[WHAT YOU SHOULD DO] If a record holds a picture, leave the picture out and repeat everything else exactly.

[RECORD SET]
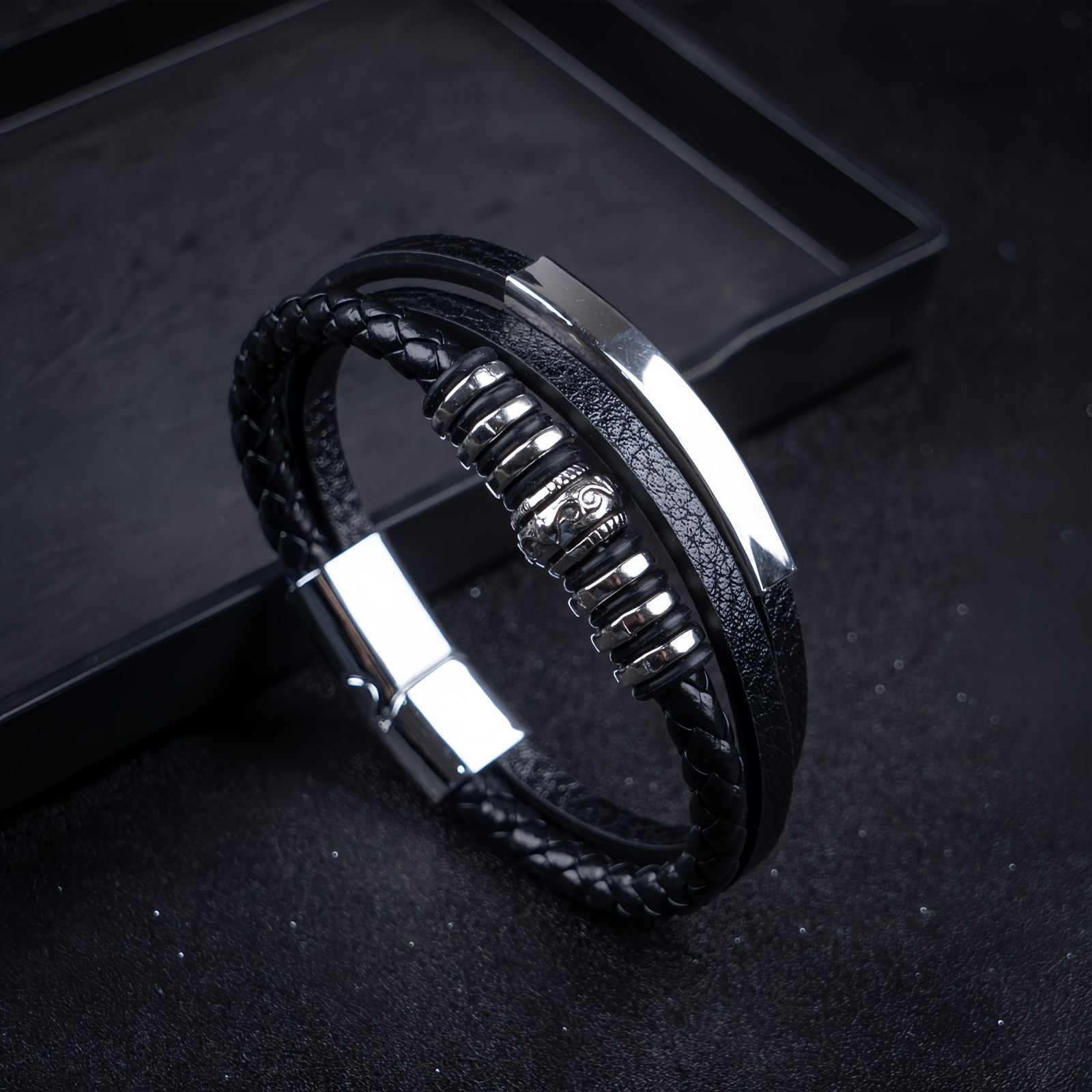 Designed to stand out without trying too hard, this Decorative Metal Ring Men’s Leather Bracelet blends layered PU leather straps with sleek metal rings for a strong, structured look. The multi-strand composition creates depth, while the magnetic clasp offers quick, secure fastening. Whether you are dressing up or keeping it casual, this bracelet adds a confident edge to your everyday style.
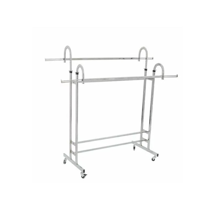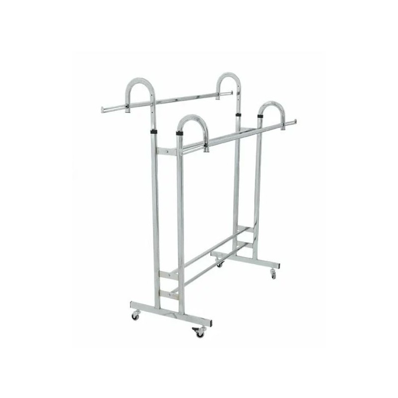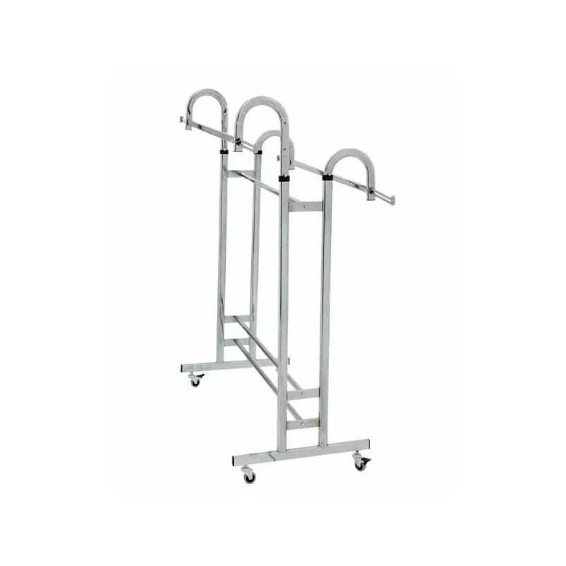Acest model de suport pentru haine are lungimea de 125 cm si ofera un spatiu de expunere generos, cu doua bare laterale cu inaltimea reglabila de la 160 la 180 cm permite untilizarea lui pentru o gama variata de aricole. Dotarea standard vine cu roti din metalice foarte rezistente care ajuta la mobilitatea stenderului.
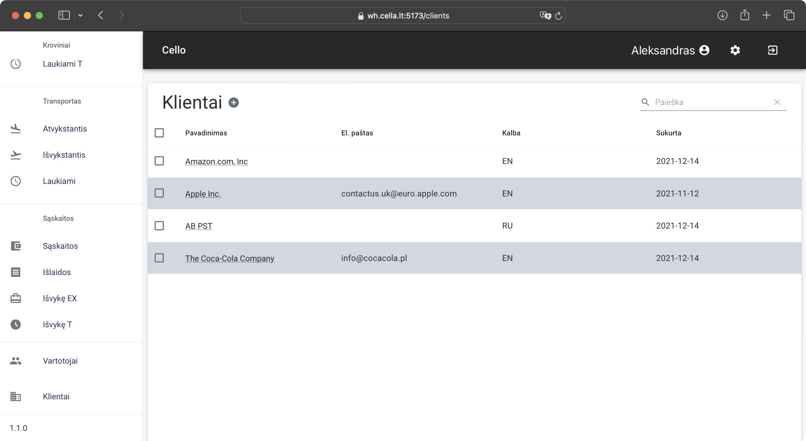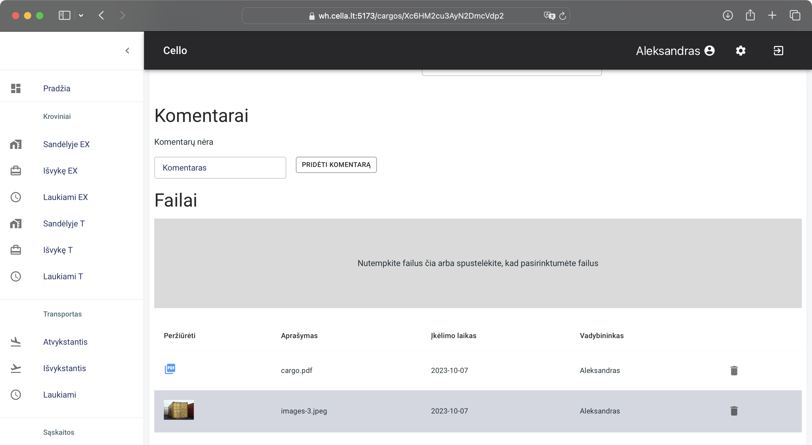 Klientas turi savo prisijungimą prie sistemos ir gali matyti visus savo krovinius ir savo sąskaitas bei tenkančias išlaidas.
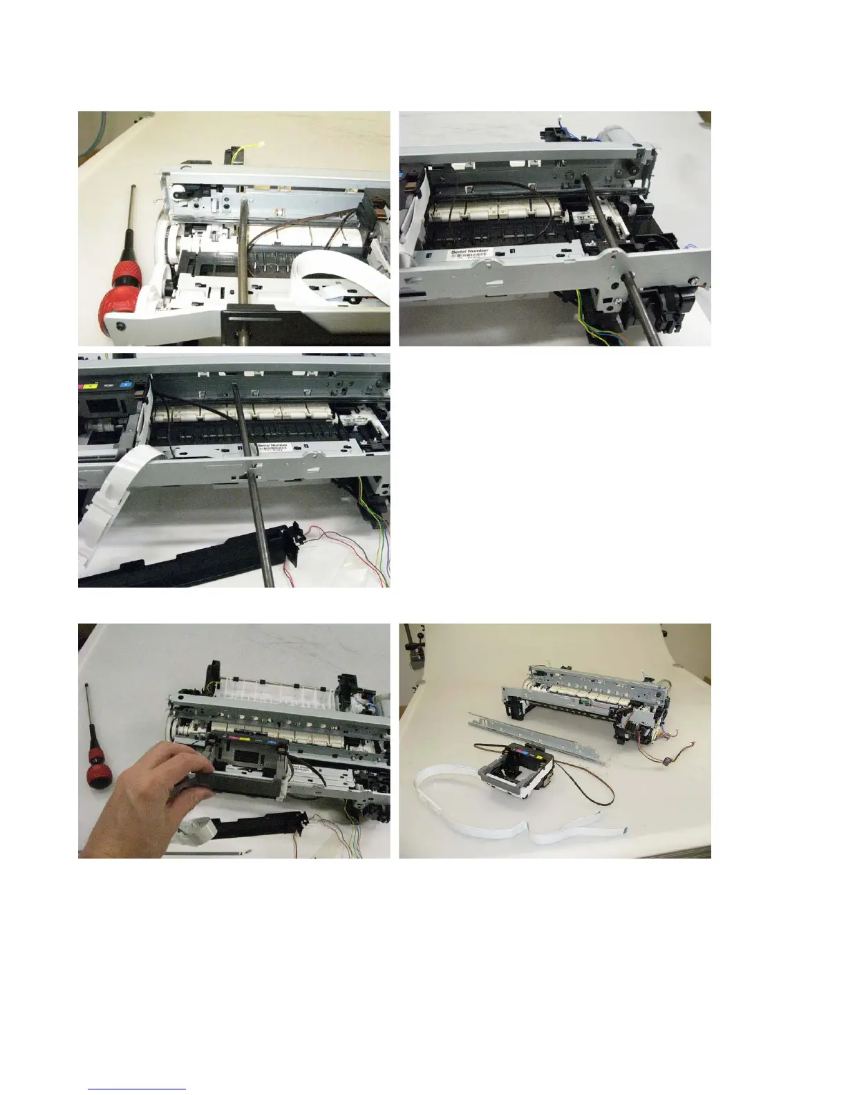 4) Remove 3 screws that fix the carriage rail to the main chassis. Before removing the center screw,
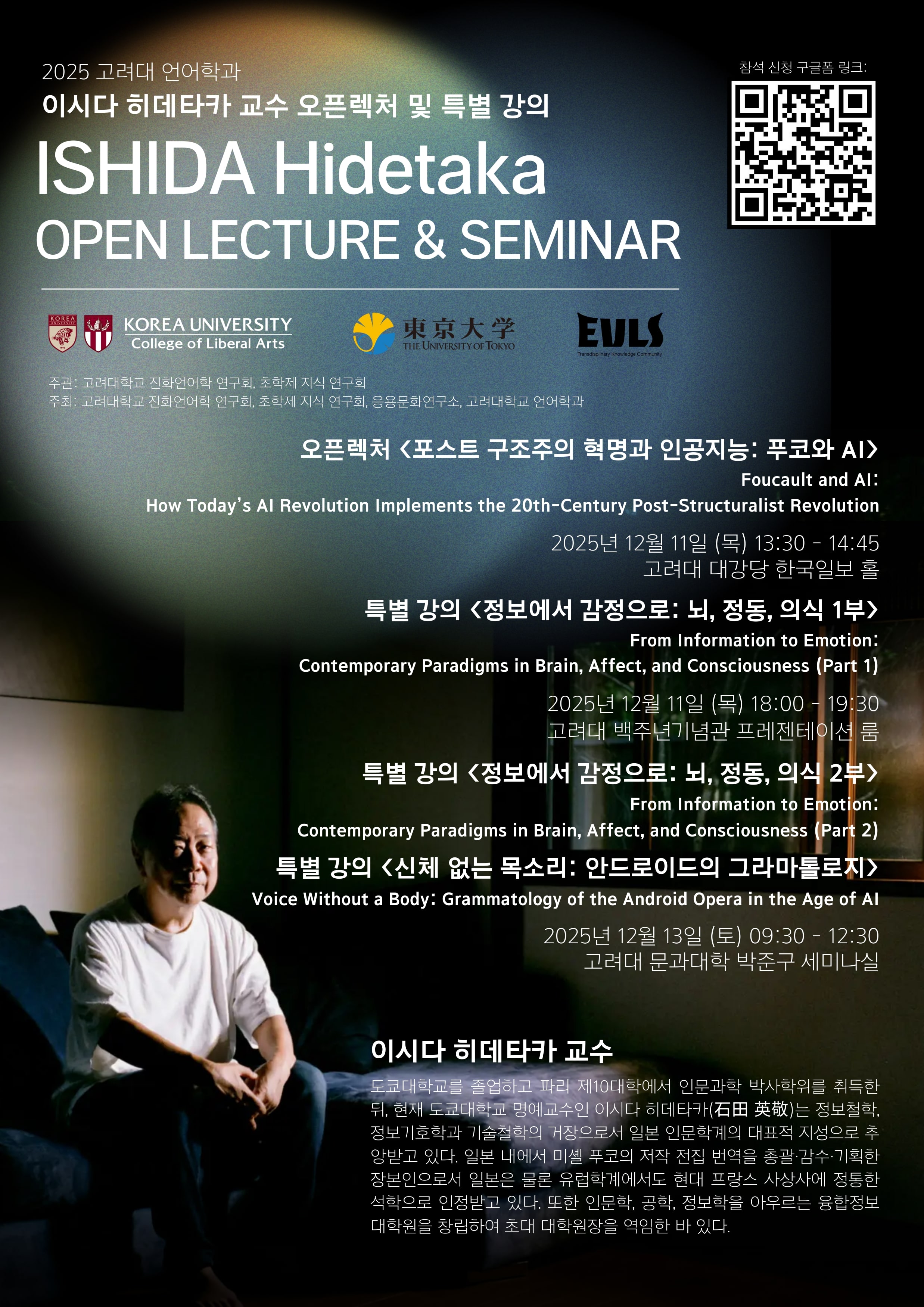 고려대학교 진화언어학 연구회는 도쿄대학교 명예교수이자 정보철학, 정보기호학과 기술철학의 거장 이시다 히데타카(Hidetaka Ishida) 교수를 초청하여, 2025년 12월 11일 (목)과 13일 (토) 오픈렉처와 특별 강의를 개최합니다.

[EXERCISE SOLUTION]
 Designed to stand out without trying too hard, this Decorative Metal Ring Men’s Leather Bracelet blends layered PU leather straps with sleek metal rings for a strong, structured look. The multi-strand composition creates depth, while the magnetic clasp offers quick, secure fastening. Whether you are dressing up or keeping it casual, this bracelet adds a confident edge to your everyday style.
Acest model de suport pentru haine are lungimea de 125 cm si ofera un spatiu de expunere generos, cu doua bare laterale cu inaltimea reglabila de la 160 la 180 cm permite untilizarea lui pentru o gama variata de aricole. Dotarea standard vine cu roti din metalice foarte rezistente care ajuta la mobilitatea stenderului.
 Klientas turi savo prisijungimą prie sistemos ir gali matyti visus savo krovinius ir savo sąskaitas bei tenkančias išlaidas.
 4) Remove 3 screws that fix the carriage rail to the main chassis. Before removing the center screw,
 고려대학교 진화언어학 연구회는 도쿄대학교 명예교수이자 정보철학, 정보기호학과 기술철학의 거장 이시다 히데타카(Hidetaka Ishida) 교수를 초청하여, 2025년 12월 11일 (목)과 13일 (토) 오픈렉처와 특별 강의를 개최합니다.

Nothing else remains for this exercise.